Pancreatitis of hereditary origin deserves special attention. Described in 1952 by Comfort and Steiberg, it has in recent years become the object of close study throughout the world. Currently, several mutations of several genes responsible for the development of this disease have been identified. In one of the variants of hereditary pancreatitis, the disease is transmitted in an autosomal dominant manner with 80% penetrance. In 1996, the gene responsible for its development, encoding cationic trypsinogen, was identified on chromosome 7 q35. To date, 8 mutations in this gene have been described. Mutations D22G, K23R, N29I, N29T, R122H and R122C lead to increased autoactivation of trypsinogen, mutations N29T, R122H and R122C stabilize trypsin in relation to its inhibitors, while mutations D22G, K23R and N29I are not associated with any known effect . The R122H mutation removes the autolysis point Arg122, the D22G and K23R mutations suppress activation by cathepsin B. In all cases of these mutations, the balance between proteases and antiproteases is disrupted with an increase in intracellular protease activity and cell destruction. Hereditary pancreatitis manifests itself from the first years of life, and in older age, the presence of these mutations is associated with a 50-fold increase in the risk of developing pancreatic cancer. In addition to changes in the trypsinogen gene, mutations in the trypsin inhibitor gene (Serin Protease Inhibitor Kazal type 1 = SPINK1 or PSTI) on chromosome 5, and in the cystic fibrosis gene on chromosome 7 may also be responsible for the development of pancreatitis. In these cases, an autosomal recessive mode of inheritance is assumed.

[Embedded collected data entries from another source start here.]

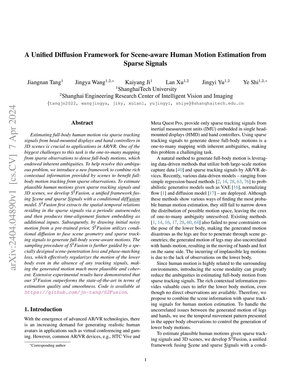 Estimating full-body human motion via sparse tracking signals from head-mounted displays and hand controllers in 3D scenes is crucial to applications in AR/VR. One of the biggest challenges to this task is the one-to-many mapping from sparse observations to dense full-body motions, which endowed inherent ambiguities. To help resolve this ambiguous problem, we introduce a new framework to combine rich contextual information provided by scenes to benefit full-body motion tracking from sparse observations. To estimate plausible human motions given sparse tracking signals and 3D scenes, we develop Fusion, a unified framework fusing \underline{S}cene and sparse \underline{S}ignals with a conditional dif\underline{Fusion} model. Fusion first extracts the spatial-temporal relations residing in the sparse signals via a periodic autoencoder, and then produces time-alignment feature embedding as additional inputs. Subsequently, by drawing initial noisy motion from a pre-trained prior, Fusion utilizes conditional diffusion to fuse scene geometry and sparse tracking signals to generate full-body scene-aware motions. The sampling procedure of Fusion is further guided by a specially designed scene-penetration loss and phase-matching loss, which effectively regularizes the motion of the lower body even in the absence of any tracking signals, making the generated motion much more plausible and coherent. Extensive experimental results have demonstrated that our Fusion outperforms the state-of-the-art in terms of estimation quality and smoothness.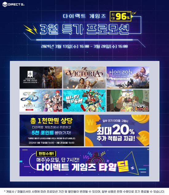 ... 그 밖에도 3월 25일(월) 오후 4시까지 다이렉트 게임즈에서 5천원 이상 타이틀을 구매하는 경우, 추첨을 통해 다이렉트 게임즈 포인트(5,000원)을 받을 수 있는 실시간 포인트 추첨 이벤트와, 3월 특가 프로모션 기간 중 일부 인기 타이틀 구매 시 최대 20% 추가 적립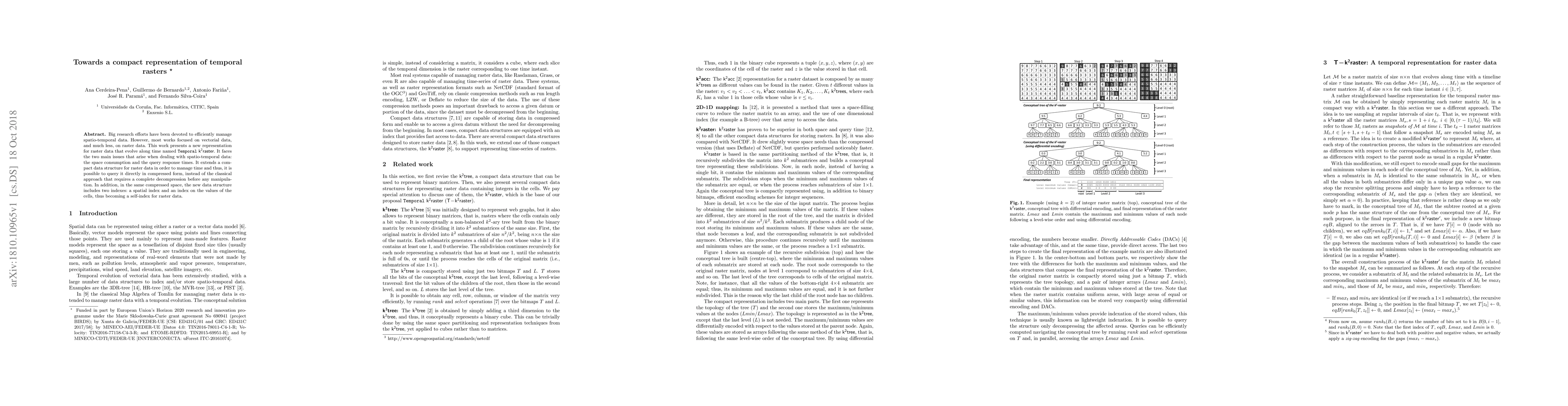 Big research efforts have been devoted to efficiently manage spatio-temporal data. However, most works focused on vectorial data, and much less, on raster data. This work presents a new representation for raster data that evolve along time named Temporal k^2 raster. It faces the two main issues that arise when dealing with spatio-temporal data: the space consumption and the query response times. It extends a compact data structure for raster data in order to manage time and thus, it is possible to query it directly in compressed form, instead of the classical approach that requires a complete decompression before any manipulation. In addition, in the same compressed space, the new data structure includes two indexes: a spatial index and an index on the values of the cells, thus becoming a self-index for raster data.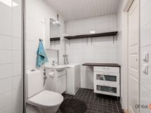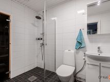 - Sauna, sähkökiuas, suihku, suihkuseinä, peilikaappi, allaskaappi, pesukoneliitäntä, lattialämmitys.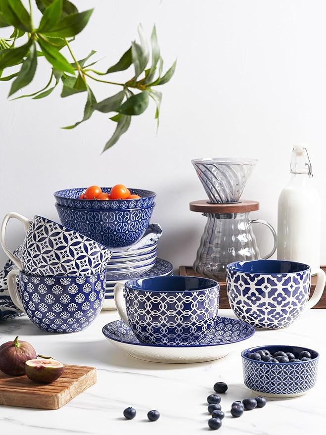 - Bright Color, Attractive Pattern: Vintage blue coffee mugs are with any drink, to enhance the sophistication of your dining table and catch your eye. They're the perfect way to add a stylistic touch to your daily routine and brighten up your life. With a 4-piece set in an elegant shape and mix-match design, they're suitable for any occasion, from home and office to weddings, parties, restaurants, and even holiday gatherings.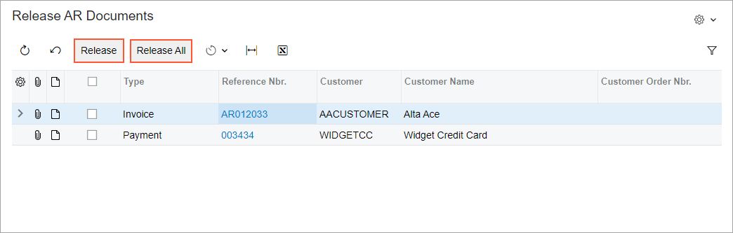 the Release AR Documents (AR501000) form,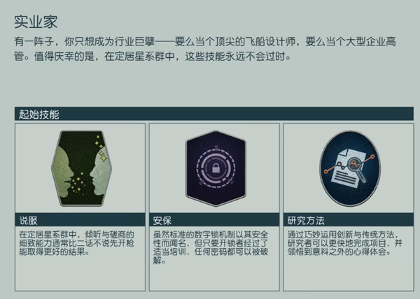 如果我们想尽量避免战斗,那么实业家绝对是不二之选,说服技能能有效通过对话触发完成任务。
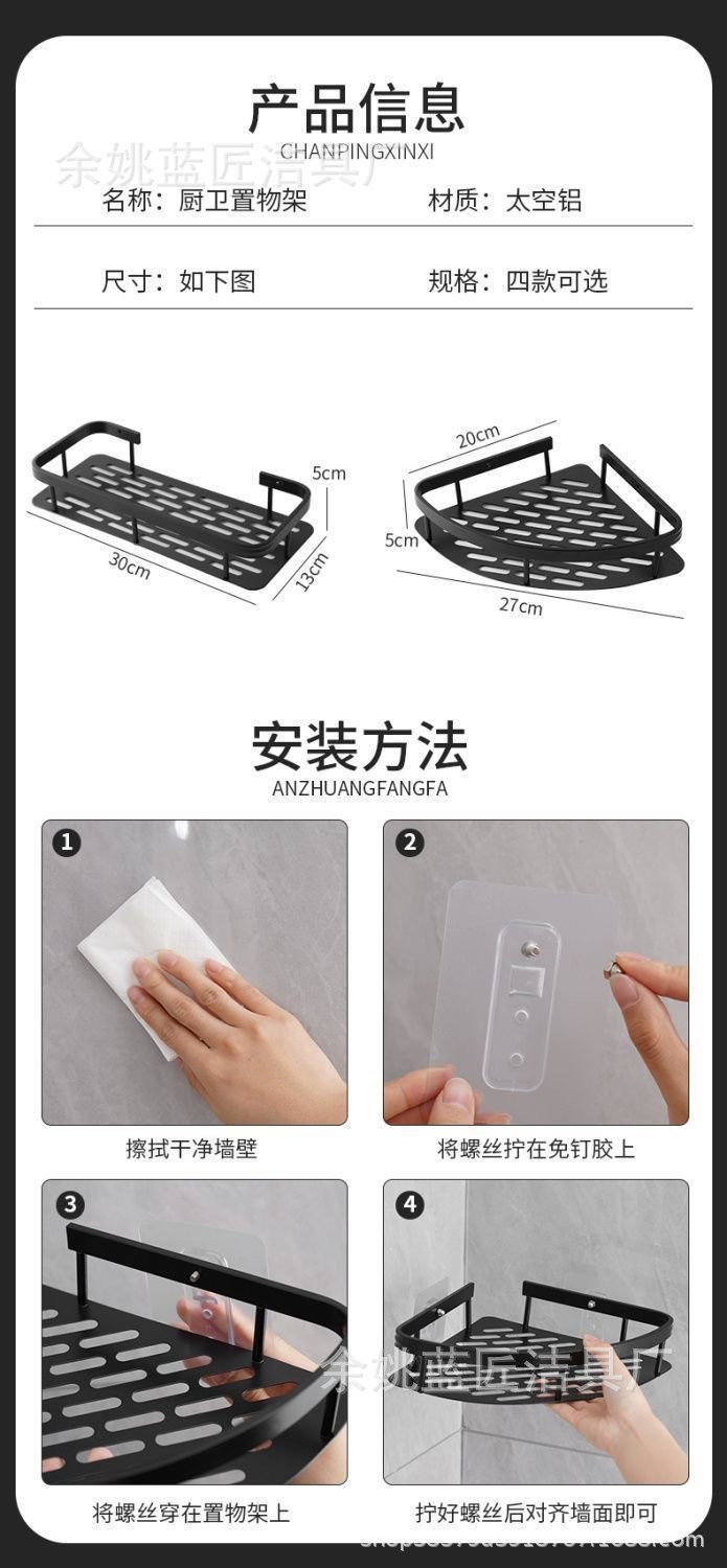펀치없는 화장실 욕실 보관 랙 플라스틱 새로운 삼각대 다기능 바닥 보관 랙

Secondary dysfunction of the pancreas is observed in many conditions, including intestinal malabsorption syndrome. Thus, with celiac disease and lactase deficiency (LD), it is possible to identify varying degrees of severity of involvement of the pancreas in the pathological process. According to our data, with celiac disease in the active stage of the disease, pancreatic damage is observed in 88% of patients, in the remission stage - in 79%, and with LN - in 76%. An increase in trypsin activity in the blood, indicating a destructive process in the pancreas, is observed in 37% of children in the active stage of celiac disease and in 12% of patients in remission. In LN, high trypsinogenemia was observed only in 7% of patients. As for the increased excretion of triglycerides in feces, indicating exocrine pancreatic insufficiency, we found the opposite picture: a low frequency in the active stage (18%) and a higher frequency in the remission stage (52%). In LN, moderate steatorrhea due to triglycerides was observed in 38% of children. The identified pattern coincided with that when assessing the frequency of detection of signs of chronic pancreatitis according to ultrasound data. Signs of chronic pancreatitis were not detected in the active stage of celiac disease, but were found in 58% of patients with celiac disease in remission and in 32% of sick children with LI. One can assume the gradual formation of chronic pancreatitis as the process progresses, even against the background of persistent remission of celiac disease with a decrease in exocrine pancreatic function.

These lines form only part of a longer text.